Us Gen-Xers are probably one of the last generations that can relate to many of the statements that were in Ken's posting. When I was six, I walked by myself up the street to catch a school bus on an extremely busy road. I frequently stayed out until the street lights came on--and sometimes even later than that. When I was seven, I took a city bus to school--even having to change buses, and I had to cross a very busy street to get to the bus in the morning! This was the late 1970s. Even well into the 1980s, I was riding my bike to and from school, and just about anywhere else in between.

Then something happened. I don't think it was one event, but it was several events that, over time, brought us all closer:

  • Cable TV. Cable TV started back in the 1970s--heck where I lived, that was pretty much your only choice if you wanted to watch TV. But it didn't really start growing much until the 1980s when we started seeing more than 13 channels. CNN. MTV. ESPN. This gave us a different world view than we were getting from our local TV stations, which really didn't even cover our local area. They either covered San Jose-north, or Salinas-south. Santa Cruz was hardly a blip.
  • Bulletin Board Systems. One thing that was starting to become popular in the 1980s were Bulletin Board Systems (BBSes). Think dialing a phone number to reach what amounts to a specific web site today, except no fancy graphics. Now, granted, personal computers weren't in every home. Only the rich or someone lucky enough to beg, borrow, or steal one from someone else had a personal computer, let alone a modem. But what BBSes did was provide a connection to a wider area of people within your local calling area. But even BBSes evolved to permit communication beyond local calling areas. Think FidoNet and UUCP.
  • The Internet. Now granted the Internet started much earlier than the 1980s. However, in the early 1990s, a lot of non-academics started discovering and using the Internet. Then, of course, Netscape hit the scene. Then Yahoo. Those two events did more to shrink the world than anything I experienced previously.

Back before all this stuff came about, we were a bit more isolated. You had no idea how many weirdos were out there. And for the most part, the weirdos didn't know either. Much like all of these advancements has brought average people closer together, it has also brought the weirdos closer together, too. Now they congregate just like, say, people who like Pink Floyd might do. And, of course, where the weirdos congregate, they share stories, swap tips, and make the collective group of weirdos much smarter. And that makes them that much more dangerous to our kids.

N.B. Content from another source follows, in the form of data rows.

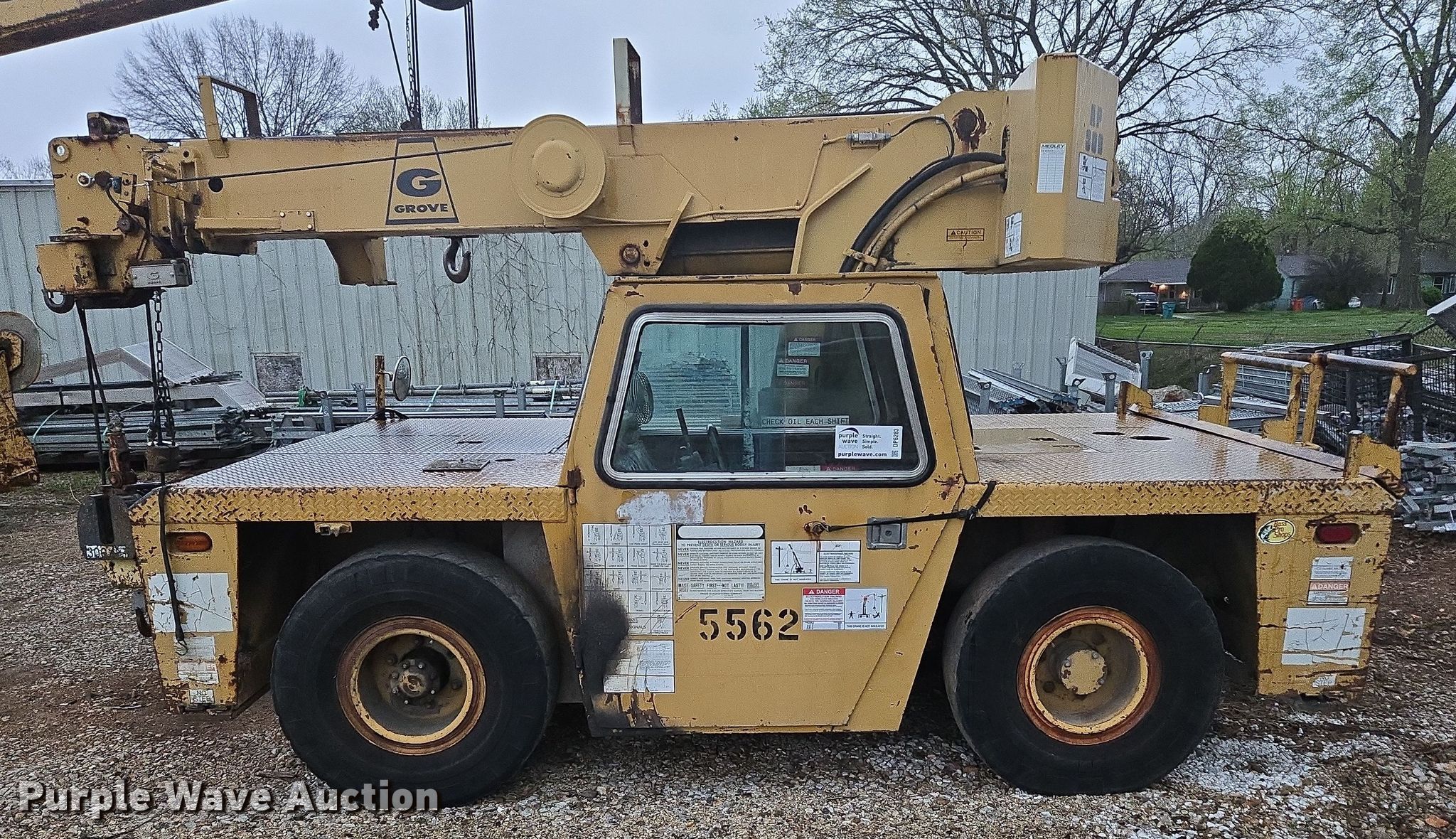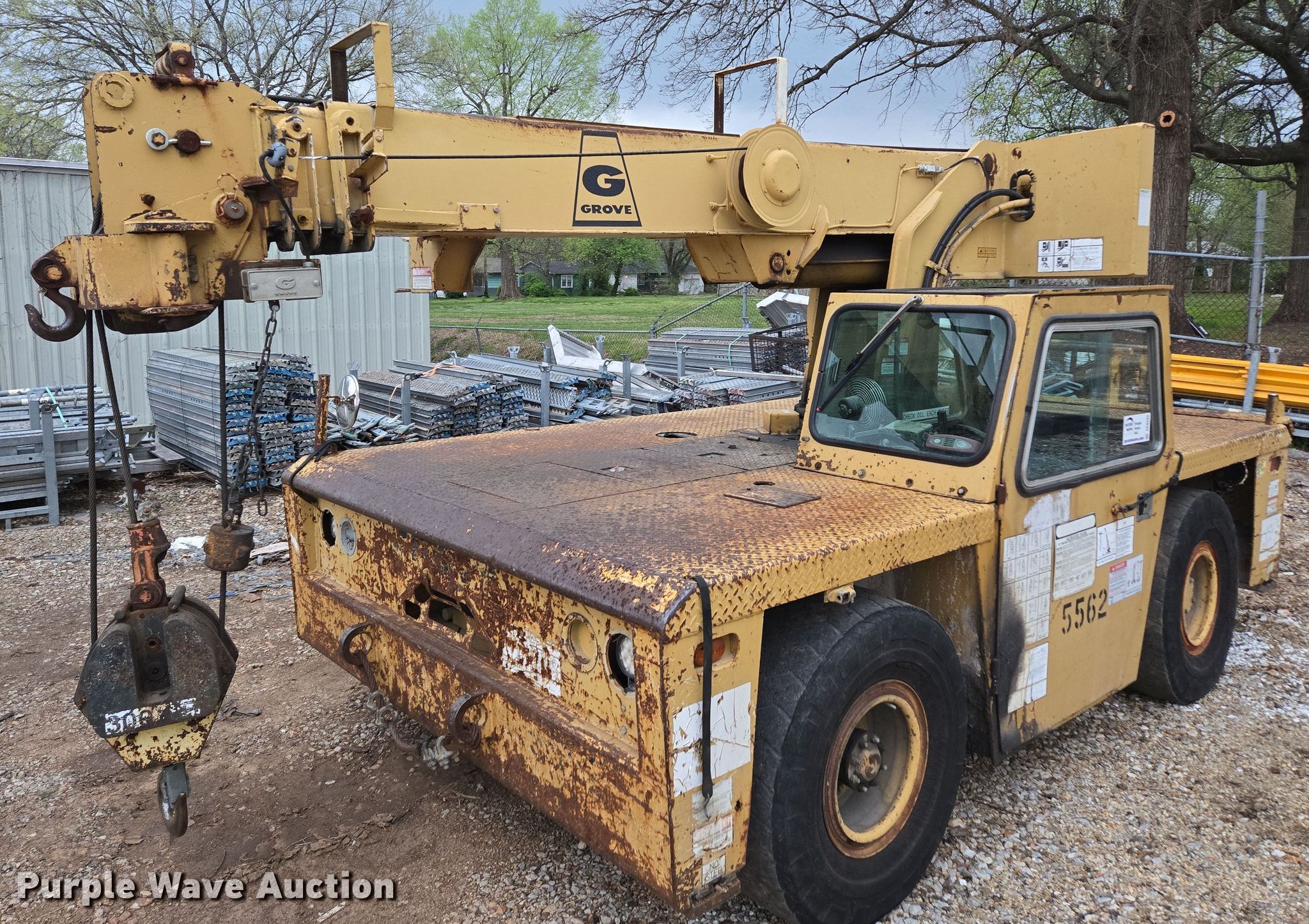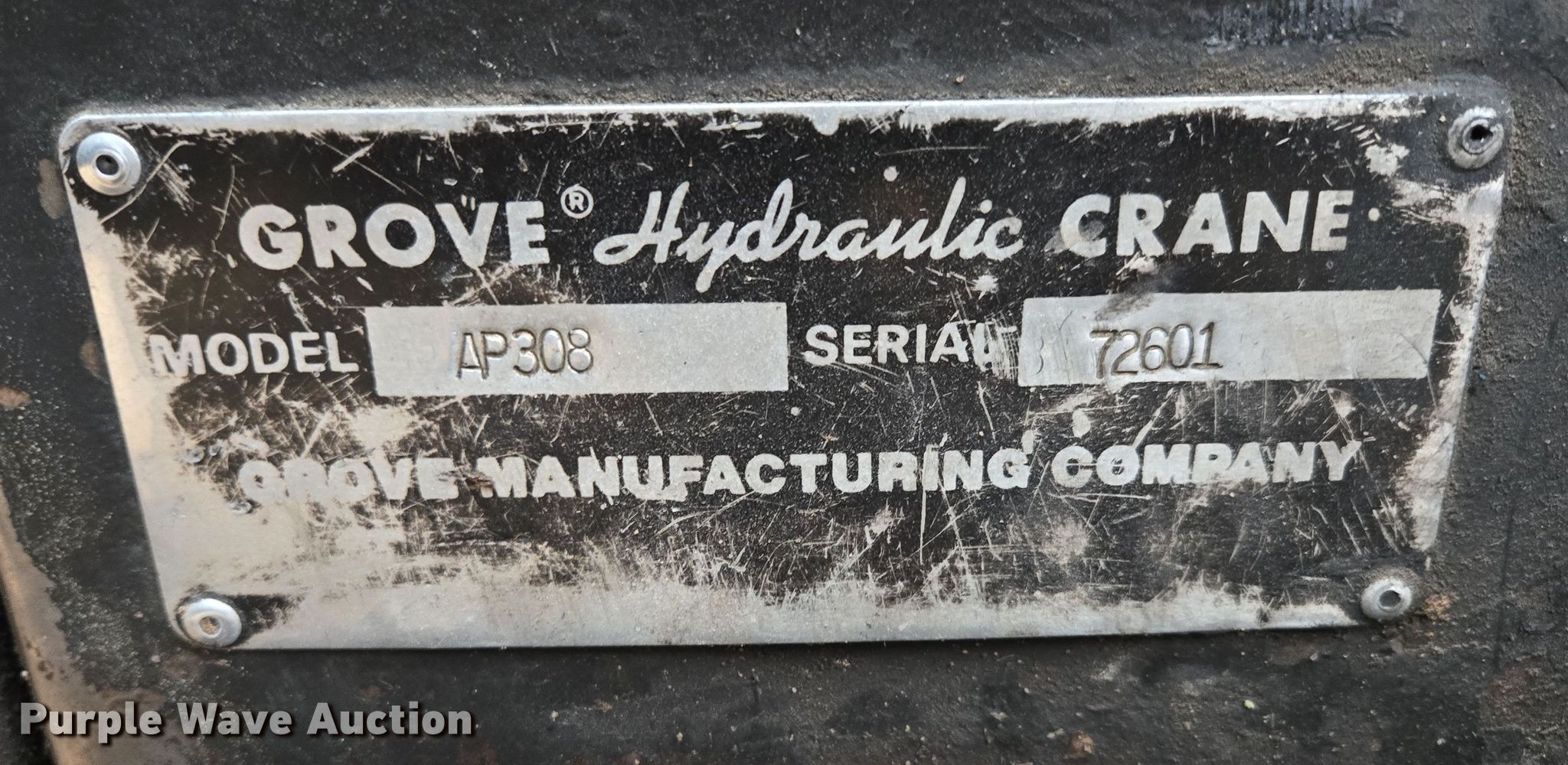 Purple Wave is selling a used Carry Deck Crane in Missouri. This item is a 1990 Grove AP308 crane with the following: Miles: Unknown, Serial: 72601, Unit #: 5562
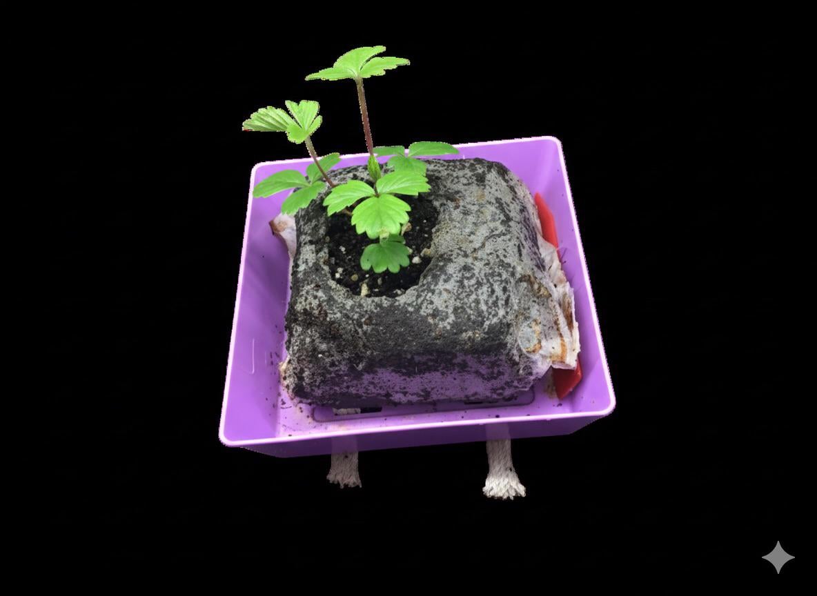 Ich teste eine neue Art, Alpenerdbeeren anzubauen. Die Pflanze ist Fragaria vesca ‘Waldsteinchen’. Es ist auch als „Mini Red“ bekannt, weil es kleiner als ein typischer Alpenfisch ist. Sie keimte und wuchs zunächst in einem Aerogarden und wurde kürzlich in einen 80-mm-Jiffy-Kokos-Growblock verpflanzt. Es ist in einer 5" x 5" Micro-Greens-Tablett mit zwei Baumwolldochten, die in die Löcher des Tabletts eingewebt sind. Wenn das kleine Tablett in ein größeres Tablett gestellt wird, ist es selbstbewässernd. Ein flaches 1020-Tablett bietet Platz für 8 dieser kleinen Tabletts.
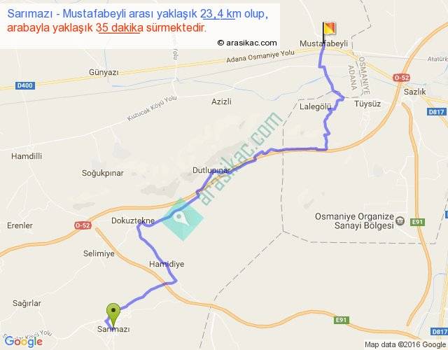 Sarımazı - Mustafabeyli arası yaklaşık olarak 90 km/h ile yukarıda belirtilen sürede olup, iki yerin kuş uçuşu uzaklığı (mesafesi) 15'dir. Yolculuk otobüsle 45 dakika sürmektedir.
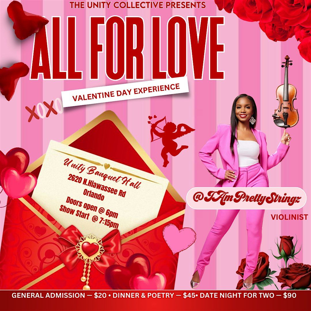 Welcome to the All for Love Music Concert with live poetry and performances at Unity Banquet Hall LLC! Join us on February 15, 2026 at 6:00 PM for a night filled with love art and food . Get ready to be mesmerized by talented musicians, poets, and performers. Let the music and poetry touch your soul and make your heart dance. Don't miss this opportunity to experience a magical evening surrounded by love and creativity. See you there!
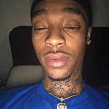 Content Description: a man wearing a blue shirt and a necklace is sitting in a car with his eyes closed .
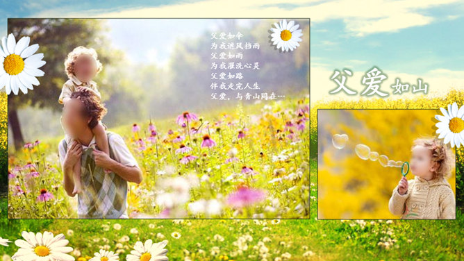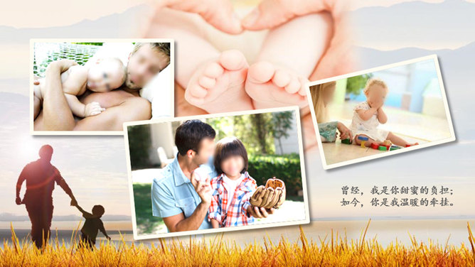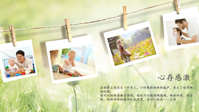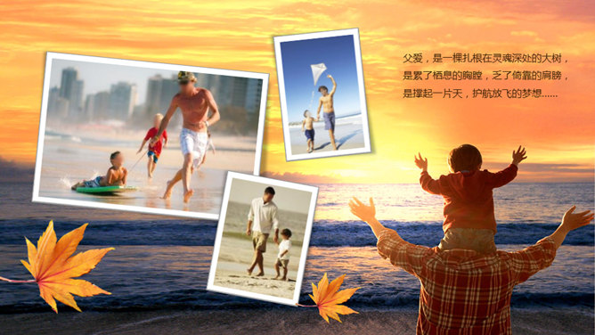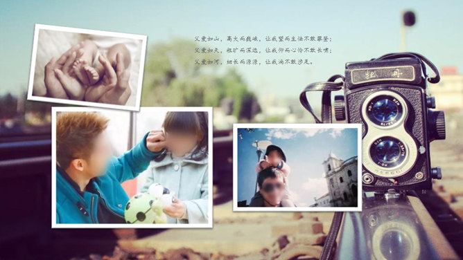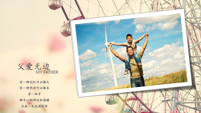父爱如山父亲节相册PPT模板。一套父亲节主题幻灯片模板,动态电子照片相册,记录与父亲在一起的美好瞬间。
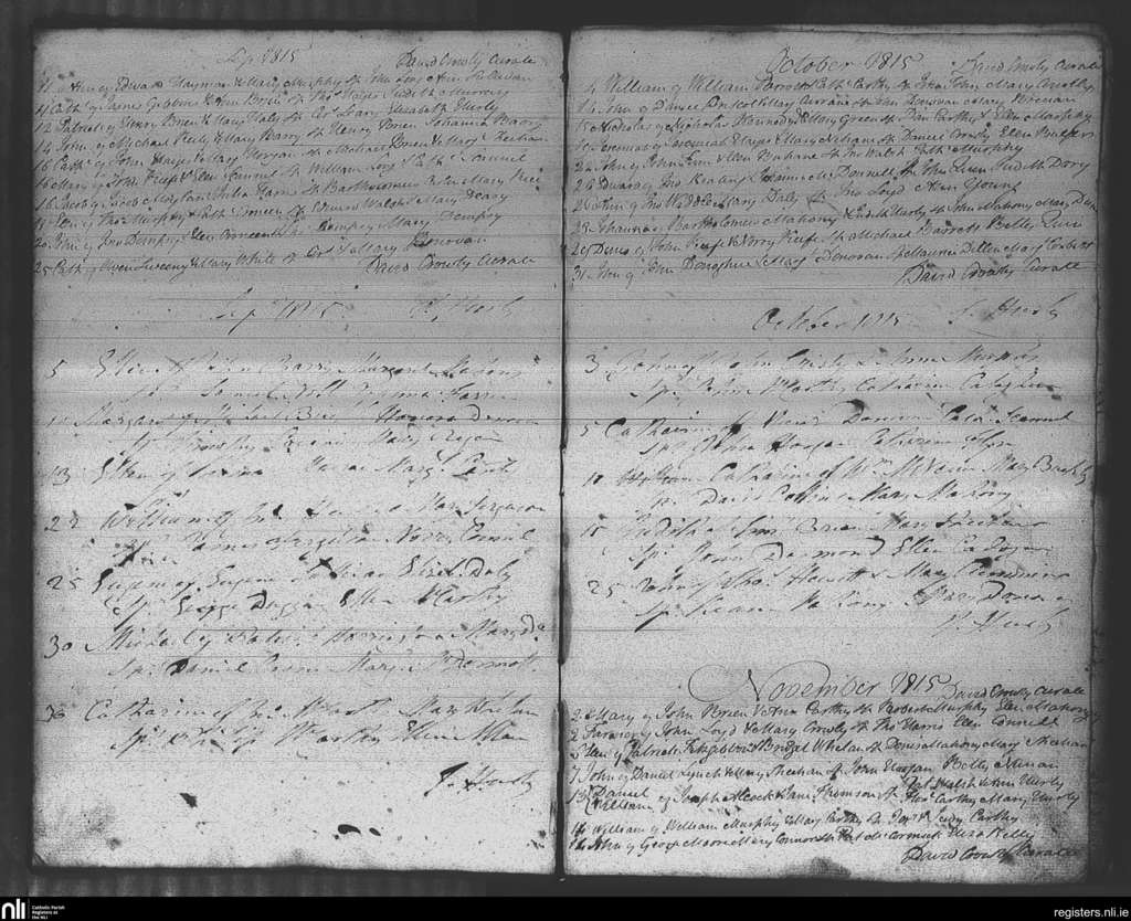 Kinsale; County of Cork; Diocese of Cork and Ross. Baptisms, Sep. 1815 to Nov. 1815
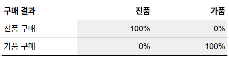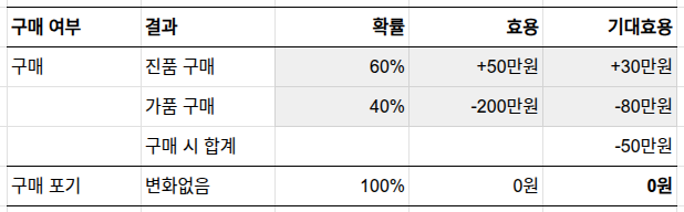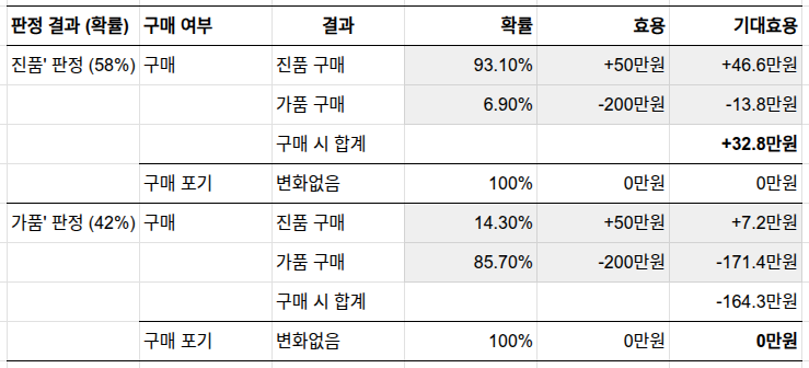 '진품' 판정을 받으면 구매(+32.8만 원)가 포기(0만 원) 보다 유리하고, '가품' 판정을 받으면 포기(0만 원)가 구매(-164.3만 원) 보다 훨씬 유리합니다.
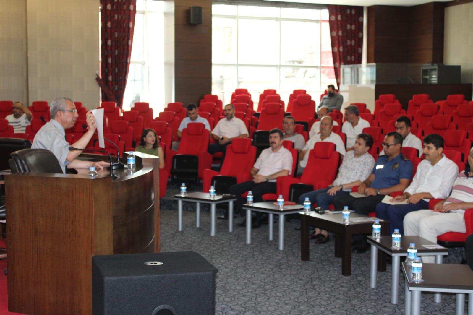 Toplantıda, ilçemiz genelinde tüm mahallelerde asayiş, güvenlik ve huzurun temin ve tesisine ilişkin hususlar başta olmak üzere eğitim, sağlık, idari, teknik ve teknolojik vb. kamu hizmetlerinin işleyişi ele alındı. Mahalle muhtarları ile kurum müdürlerinin fikir ve önerileri de alınmak suretiyle detaylıca ve çözüm odaklı istişareler de bulunuldu.

I would argue that, statistically speaking, things that weirdos might do to your kids is probably not that much higher than it was when, say, my dad was a kid. What has changed, though is that we have heard a constant barrage of these stories for the past 20 years or so. And while I can't say with any certainty what the rationale is, I believe that my parents and my parents parents just didn't know the risks of what they were allowing us to do. Or maybe they did, but they took solace in the though that it couldn't happen to my kids. It probably won't, but everytime it happens somewhere else in the country, you will be sure to find out about it.

The end result of this is now we won't let our kids walk the 1000 feet or so it is between our front door and the school bus stop just up the street, at least by themselves--a walk my parents would have had no problem letting me do when I was my son's age. Nor will we let them go off somewhere and play outside without an adult watching. It's a changed world for sure, or at least our awareness of it has changed since the 1980s. And, as they saying goes, you can never go back.

A Random Pink Floyd-inspired Thought about Airline Travel

It seems appropriate that a song by Pink Floyd captures the experience of airline travel in their song "Point Me At The Sky" which I'm sure had nothing to do with their motivations for writing the song.

For if you are stout you will have to breathe out
While the people around you breathe in

People pressing on my sides
It's something that I hate
And so is sitting down to eat
With only little capsules on my plate

I had posted the lyrics to this song earlier, but I realized what I had was incorrect. There are actually a number of transcriptions of the lyrics, and they are all wrong in at least one place.